**Data records:**
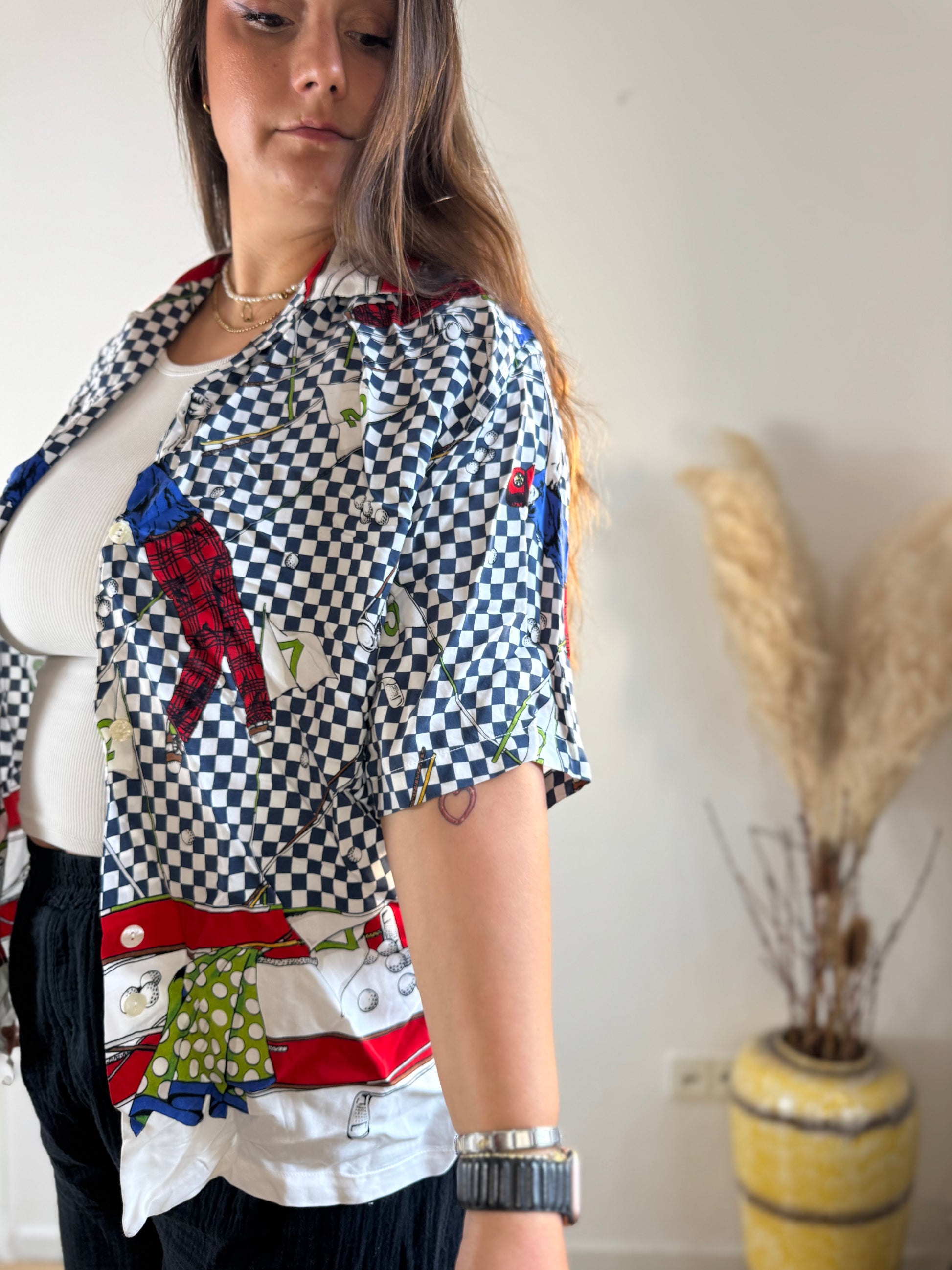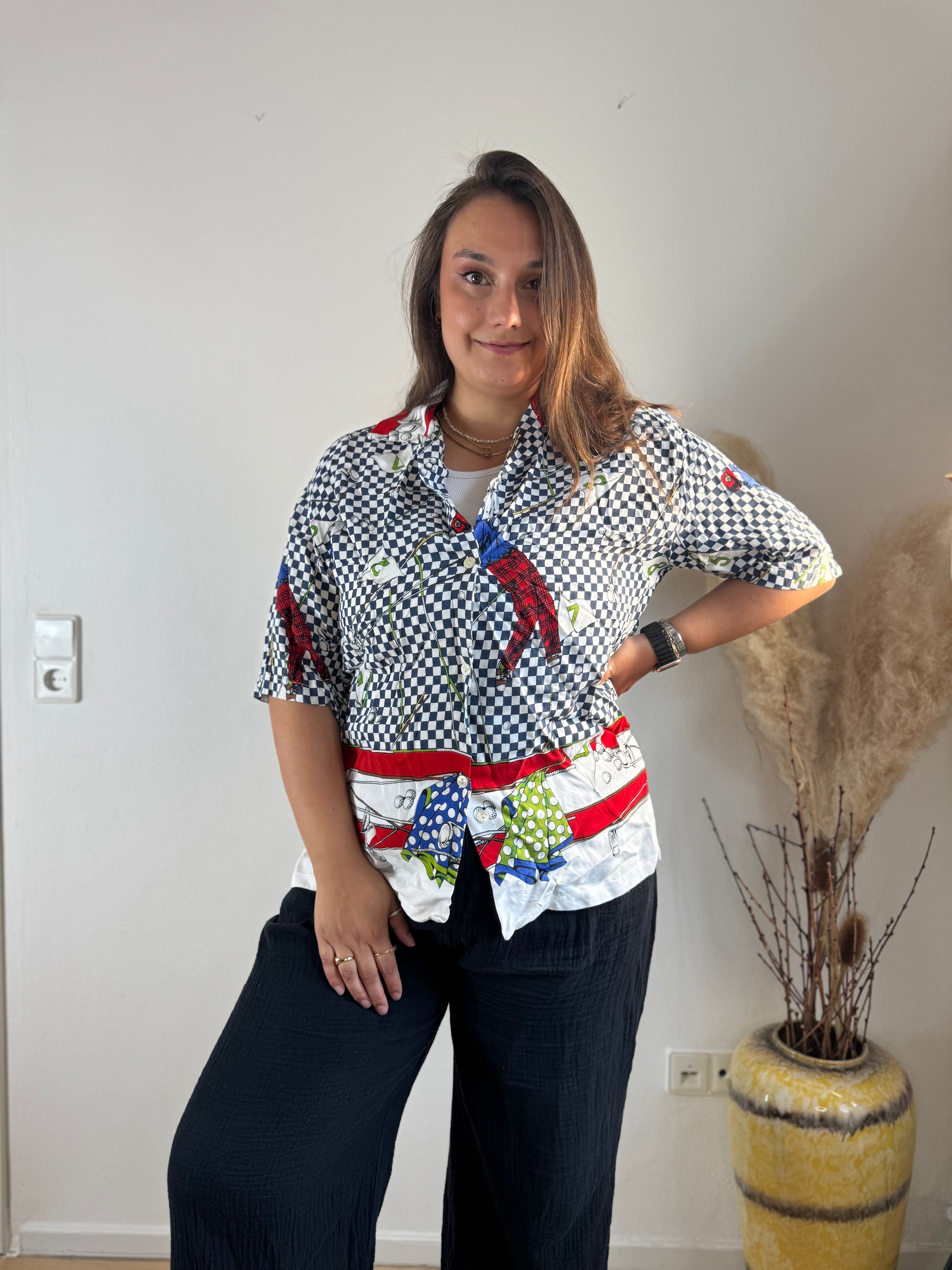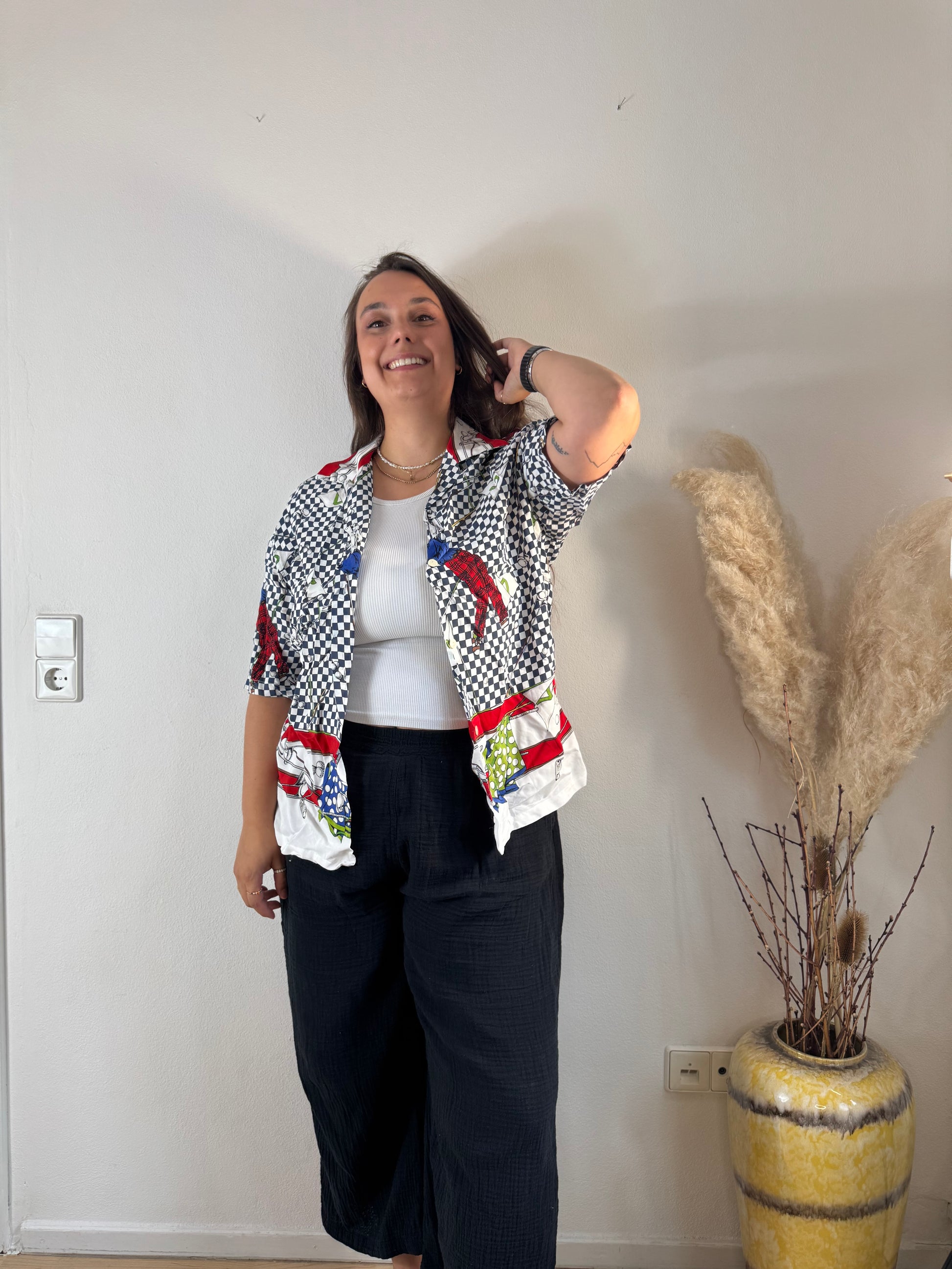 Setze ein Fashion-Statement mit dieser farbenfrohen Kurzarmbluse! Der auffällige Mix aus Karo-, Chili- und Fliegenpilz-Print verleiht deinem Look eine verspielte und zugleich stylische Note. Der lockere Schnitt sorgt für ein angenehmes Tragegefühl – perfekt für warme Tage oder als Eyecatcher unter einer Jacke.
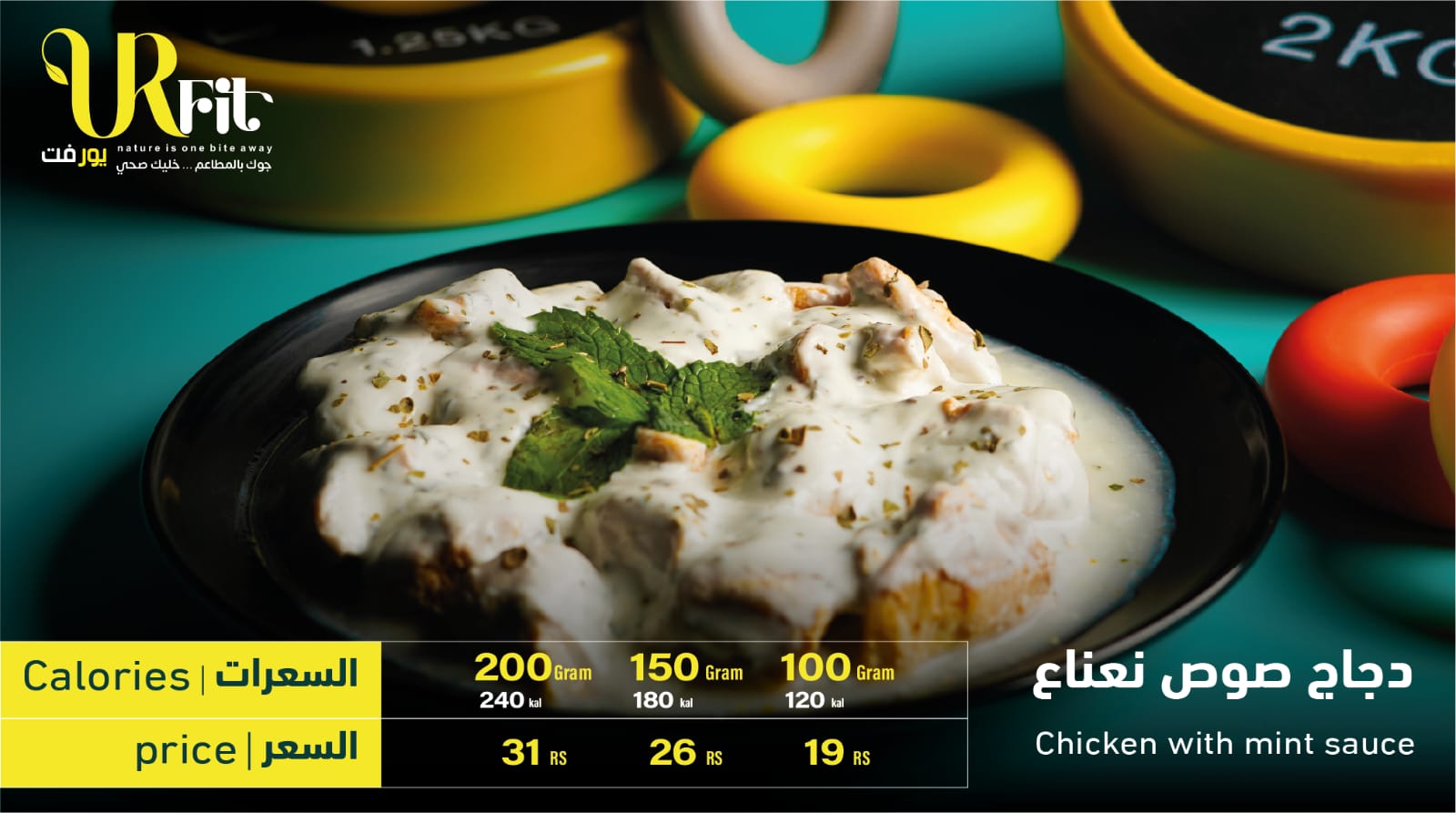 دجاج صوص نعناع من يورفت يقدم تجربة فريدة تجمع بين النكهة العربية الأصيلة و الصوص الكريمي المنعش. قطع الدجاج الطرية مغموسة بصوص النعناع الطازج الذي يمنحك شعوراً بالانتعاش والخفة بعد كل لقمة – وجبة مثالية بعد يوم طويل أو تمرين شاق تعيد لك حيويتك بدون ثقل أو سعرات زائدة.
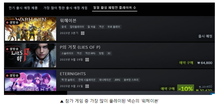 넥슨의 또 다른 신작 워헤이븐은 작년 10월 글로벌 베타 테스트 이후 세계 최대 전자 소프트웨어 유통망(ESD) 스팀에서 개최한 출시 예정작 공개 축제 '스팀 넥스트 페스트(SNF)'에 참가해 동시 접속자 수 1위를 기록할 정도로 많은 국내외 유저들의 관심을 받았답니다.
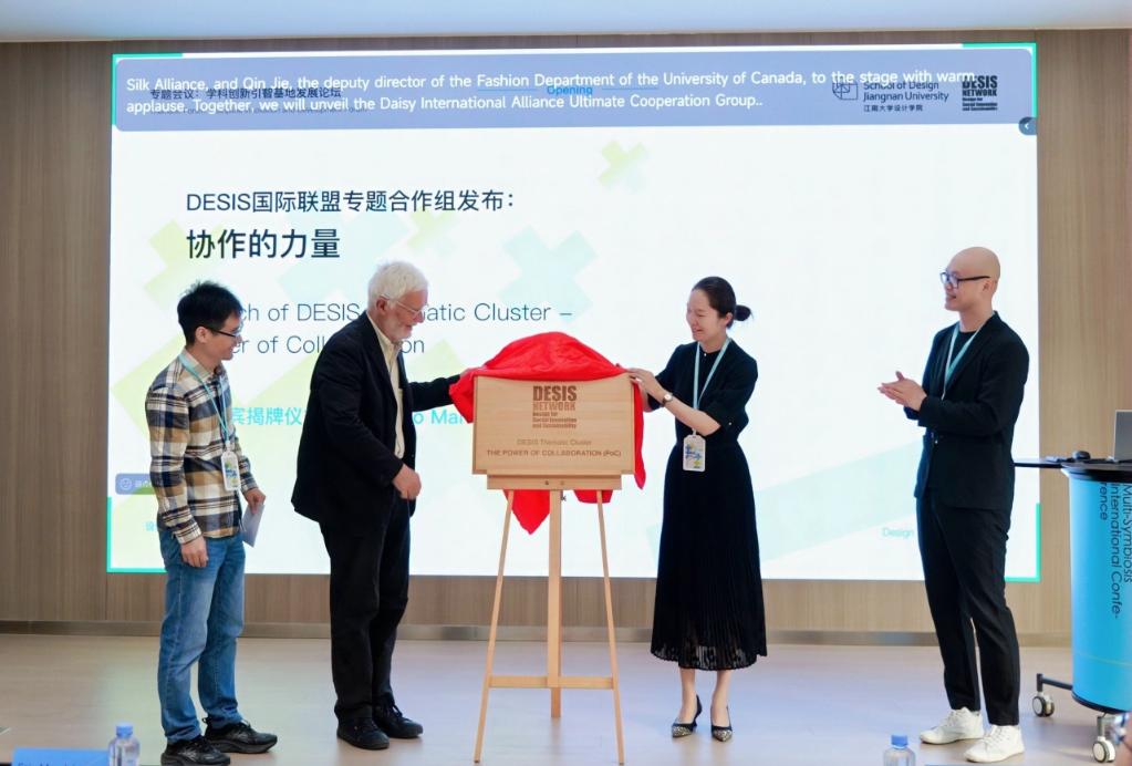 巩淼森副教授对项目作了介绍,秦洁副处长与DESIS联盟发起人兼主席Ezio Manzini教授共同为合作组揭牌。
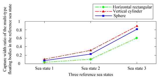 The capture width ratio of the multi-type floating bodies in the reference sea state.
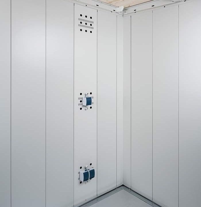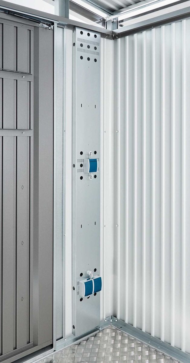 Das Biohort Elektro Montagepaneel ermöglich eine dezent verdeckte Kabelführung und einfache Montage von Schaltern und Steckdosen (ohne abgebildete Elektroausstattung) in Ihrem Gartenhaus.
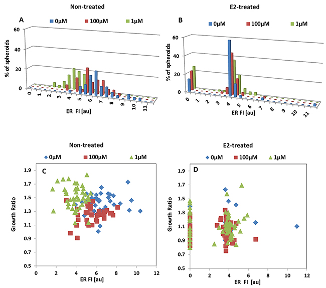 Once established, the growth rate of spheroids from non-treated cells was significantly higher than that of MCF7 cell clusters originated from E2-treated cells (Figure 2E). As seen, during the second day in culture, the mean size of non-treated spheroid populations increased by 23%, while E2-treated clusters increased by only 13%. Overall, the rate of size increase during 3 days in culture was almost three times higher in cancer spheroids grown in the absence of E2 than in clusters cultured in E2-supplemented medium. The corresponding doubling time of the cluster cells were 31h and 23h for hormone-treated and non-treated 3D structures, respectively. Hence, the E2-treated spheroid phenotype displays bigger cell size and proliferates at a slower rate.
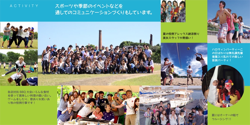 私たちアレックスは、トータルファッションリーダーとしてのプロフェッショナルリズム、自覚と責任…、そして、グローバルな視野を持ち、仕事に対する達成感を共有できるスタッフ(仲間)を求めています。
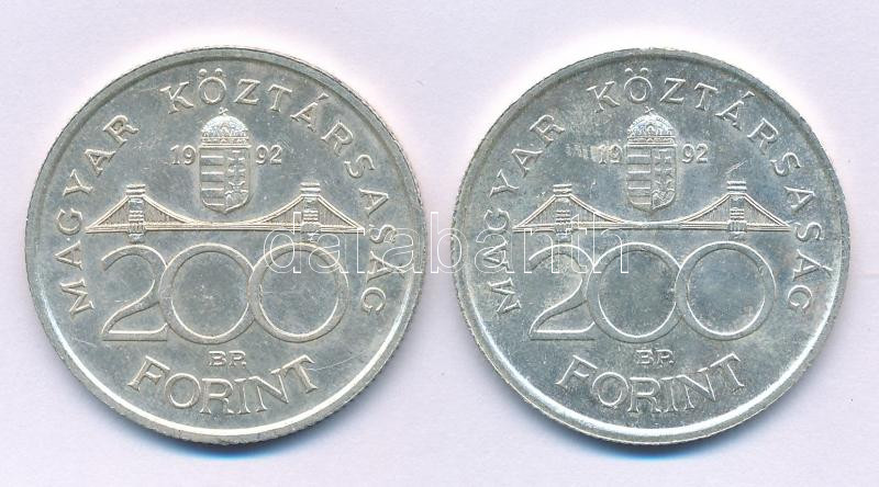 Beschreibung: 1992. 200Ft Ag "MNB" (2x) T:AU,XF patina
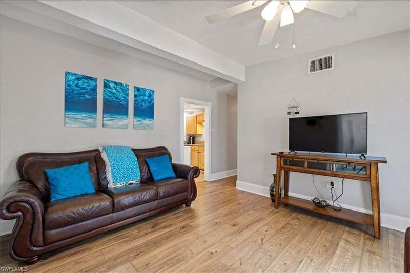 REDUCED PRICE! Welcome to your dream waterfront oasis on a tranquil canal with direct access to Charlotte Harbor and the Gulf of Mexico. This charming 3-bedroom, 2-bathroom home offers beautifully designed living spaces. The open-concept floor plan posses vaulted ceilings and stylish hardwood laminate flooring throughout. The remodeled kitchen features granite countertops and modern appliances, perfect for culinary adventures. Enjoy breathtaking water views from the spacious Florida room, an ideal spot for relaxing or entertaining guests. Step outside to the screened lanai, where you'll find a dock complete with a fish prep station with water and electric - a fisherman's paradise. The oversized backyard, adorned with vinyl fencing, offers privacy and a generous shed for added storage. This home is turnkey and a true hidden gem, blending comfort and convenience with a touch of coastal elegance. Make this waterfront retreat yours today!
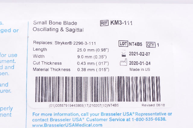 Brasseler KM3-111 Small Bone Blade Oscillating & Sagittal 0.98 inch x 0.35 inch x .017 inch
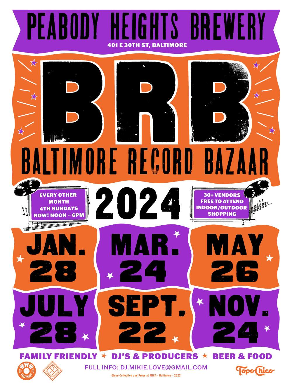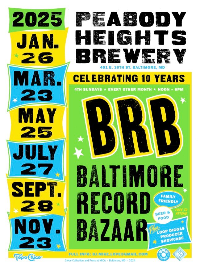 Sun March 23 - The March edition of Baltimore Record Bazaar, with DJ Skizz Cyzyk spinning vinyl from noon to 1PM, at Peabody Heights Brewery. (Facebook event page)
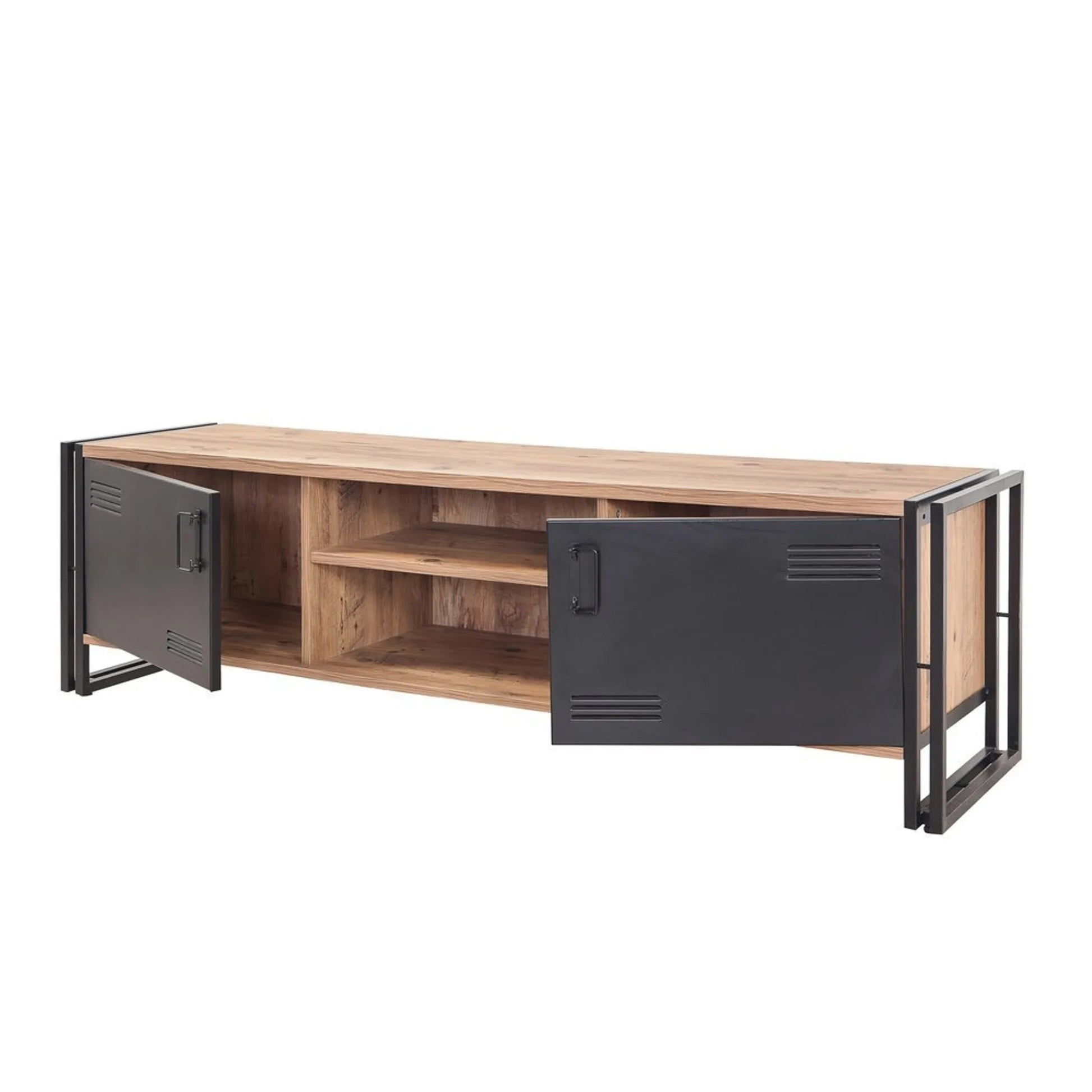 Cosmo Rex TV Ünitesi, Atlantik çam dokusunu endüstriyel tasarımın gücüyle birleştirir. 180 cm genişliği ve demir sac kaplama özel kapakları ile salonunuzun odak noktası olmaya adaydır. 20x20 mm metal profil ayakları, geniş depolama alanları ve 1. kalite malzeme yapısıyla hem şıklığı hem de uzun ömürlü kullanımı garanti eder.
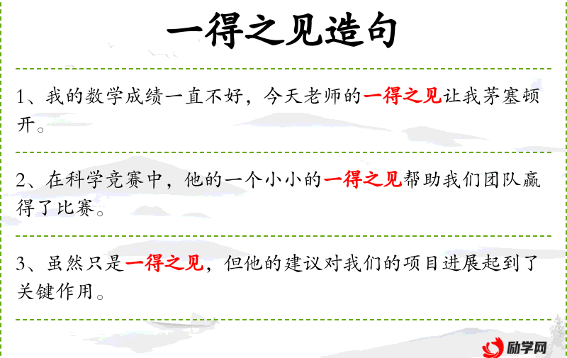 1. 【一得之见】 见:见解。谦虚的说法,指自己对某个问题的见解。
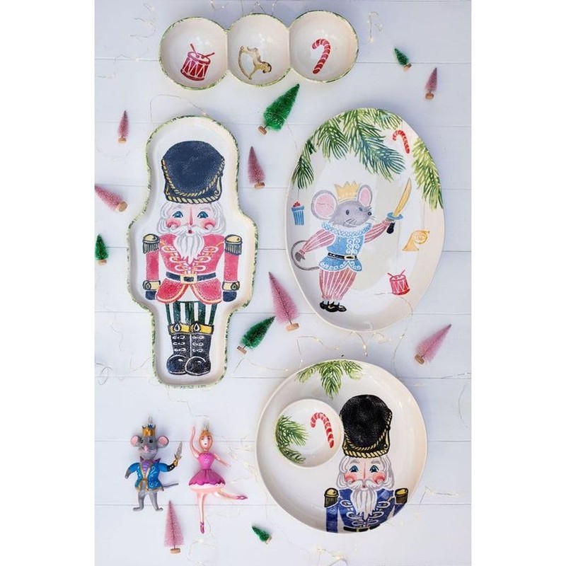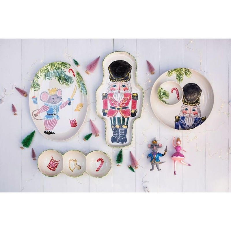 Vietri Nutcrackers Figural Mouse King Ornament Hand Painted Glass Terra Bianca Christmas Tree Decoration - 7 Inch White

**WHAT TO PRODUCE:** With the pictures omitted, copy the entries above exactly from the line containing "The capture width" through the line containing "Das Biohort Elektro", both lines included.

**TASK SOLUTION:**
 The capture width ratio of the multi-type floating bodies in the reference sea state.
 Das Biohort Elektro Montagepaneel ermöglich eine dezent verdeckte Kabelführung und einfache Montage von Schaltern und Steckdosen (ohne abgebildete Elektroausstattung) in Ihrem Gartenhaus.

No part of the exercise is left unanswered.